Agency Executives Come Together To Launch Peace Brief

Top industry executives are collaborating on Peace Brief, a call-to-action to reduce the numbers of both the unarmed U.S. citizens who have been killed by the police and the police officers who themselves have been killed in the line of duty. The group notes that there have been 844 deaths of unarmed individuals by the police and that 51 members of the police have died while on duty.

Speaking before an audience at the annual Advertising Week in New York conference, Keith Cartwright, executive creative director, Butler, Shine, Stern & Partners; Geoff Edwards, creative executive, CAA; Jayanta Jenkins, global group creative director, Twitter; and Jimmy Smith, chairman, CEO and COO of Amusement Park Entertainment outlined opportunities for individuals, business and universities to participate in the mission.



“Our objectives are as diverse as raising money for a foundation, helping pass legislation, bringing awareness to a cause or creating a peace-based technology in service of ending the cycle of violence and fear cased by racial bias and injustice," says Cartwright.

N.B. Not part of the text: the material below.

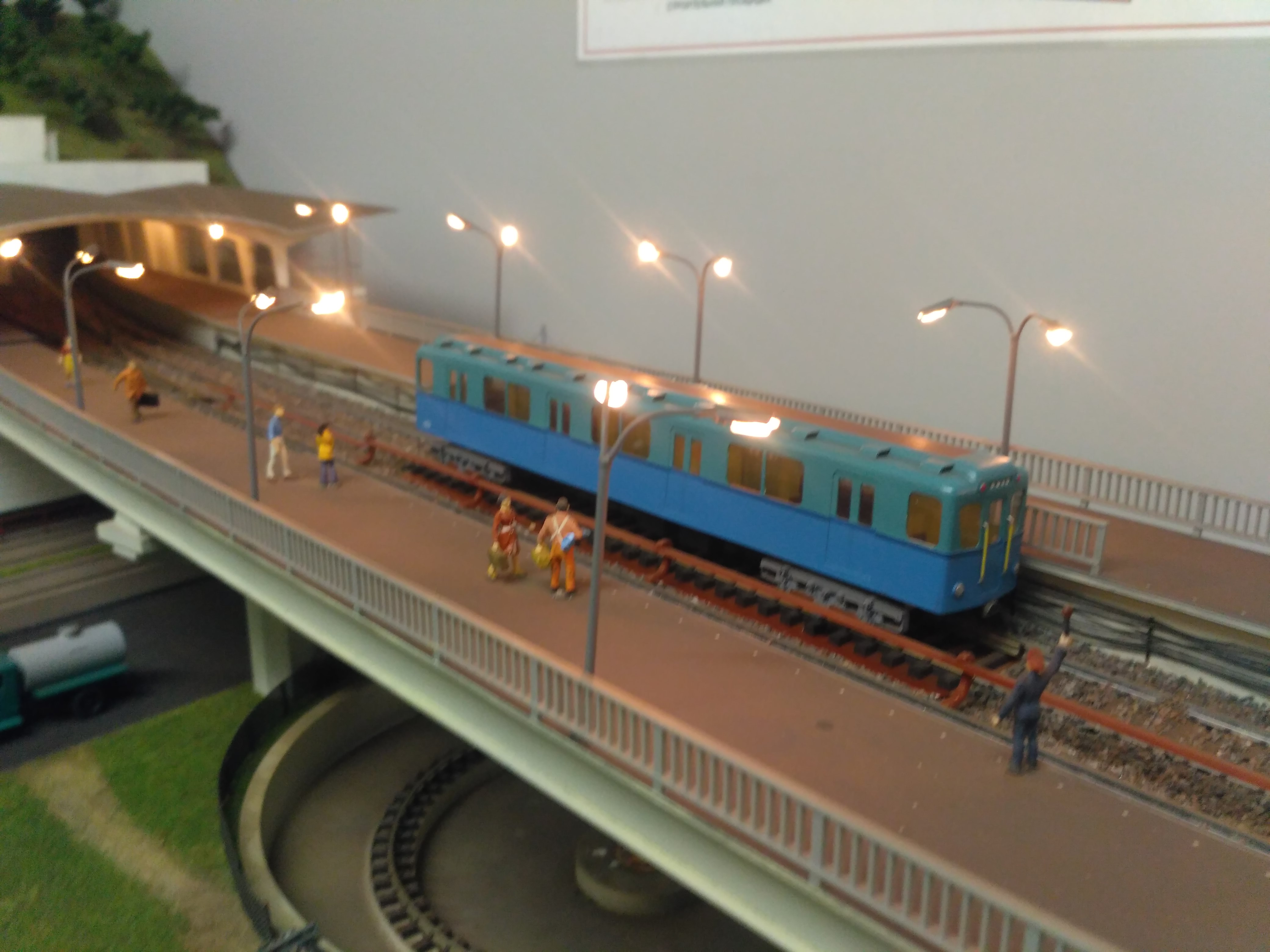 Макет строился в очень сжатые сроки ( не более 2-х месяцев) авторами Дмитрием Ревякиным и Сергеем Хоменко, и работает по сей день. На мою долю выпало изготовление самого метролифта с механизмом, вагонов метро типа "Д", эстакады моста с освещением. А по Диминой части- рельеф и архитектура.

A text served as their call-to-action. Cartwright sent a message to his friends saying “We need to come together. And say something." The four men met that Saturday morning where they sat down together for the first time despite knowing each other for years.

They discussed their shared experiences growing up as black males, the racism encountered along the way and the opportunity they had as a group together to bring about change that was inclusive and impactful. This conversation then led to them launching Saturday Morning, the overarching umbrella that seeks to engage individuals from across America in creating inclusive solutions to address continued issues of racial inequality and reducing violence. 

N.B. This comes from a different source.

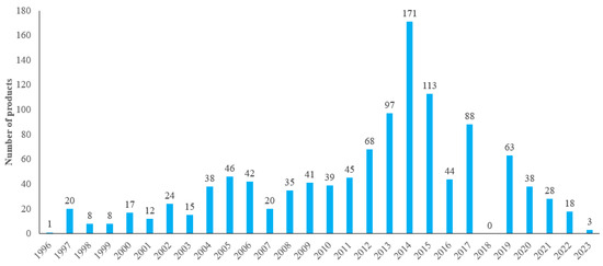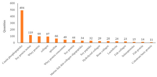 As can be seen in Figure 2, as of January 2024, data retrieved from the SAMR National Special Food Information Query Platform showed that a total of 1142 health food products containing protein-based ingredients were approved. Among them, the use of protein-based raw materials in health food was 0 in 2018, and it is presumed that the reason for this situation is related to the abolition of the Technical Code for the Inspection and Evaluation of Health Food (2003 version) in the “Decision of the Health Commission on Announcing the Invalidation of the Third Batch of Commission Documents (NHB [2018] No. 15)” in July 2018.
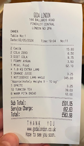 Read more7 of us went for the whole lamb experience. The lamb was honestly very nice however to many other issues here. They are charging top money for this experience and it was not good. The shop is almost a cafe concept inside hardly anything wow. We ordered starters ÂŁ7 for dips⌠beetroot and feta tiny tiny portion ÂŁ7,90 awful. A friend ordered some jacket potatoes done on the charcoal, nice, ÂŁ23 for 3 potatoes. The lamb was a fixed price, on the bill an extra ÂŁ120 for the extra 3kg on the whole lamb. That is open to all sorts of suspicions when did we weigh it. When did they tell us how much it weighed. We had 5 Efes beers we ordered a few more and they were hotter than room temperature. NO MORE cold EFES beers at 8pm, if your going to charge too dollar then the service needs to be faultless. At the end 7 of s 834ÂŁ not even a drink on the house. I even said to the waiter we paid 834 any chance of a drink on the house. Yes my friendâŚâŚ. We are still waiting. Be warned donât go for the whole lamb less then 10 handed or itâs far too expensive. Itâs in the middle of Finchley and unless matey boy sorts out the extortionate prices the novelty will wear off. Locals wonât come back and last time I looked Finchley wasnât a tourist hotspot. Average at best....

“The community spirit of cooperation and trust is broken,” says Edwards. “This is a call to action to find solutions through all forms of communication to impact these statistics.”

However, they made clear that they are not an agency that will solve the business problems of others. Its mission is specifically to bring solutions to its brief though all means. In addition to individuals, businesses and brands, It hopes to work closely with universities to make the Peace Brief a part of the curriculum of applicable fields of study that could include art and design, law, communications, engineering and others.

They plan on using their respective skills to launch The Peace Brief which will call on the industry and the general public to use their voices for positive change. 

The group says it will share the Brief with artists, fashion designers, film makers, musicians, community organizers, writers, developers and those in creative fields who can create their own content that Saturday Morning will then curate and showcase across multiple channels.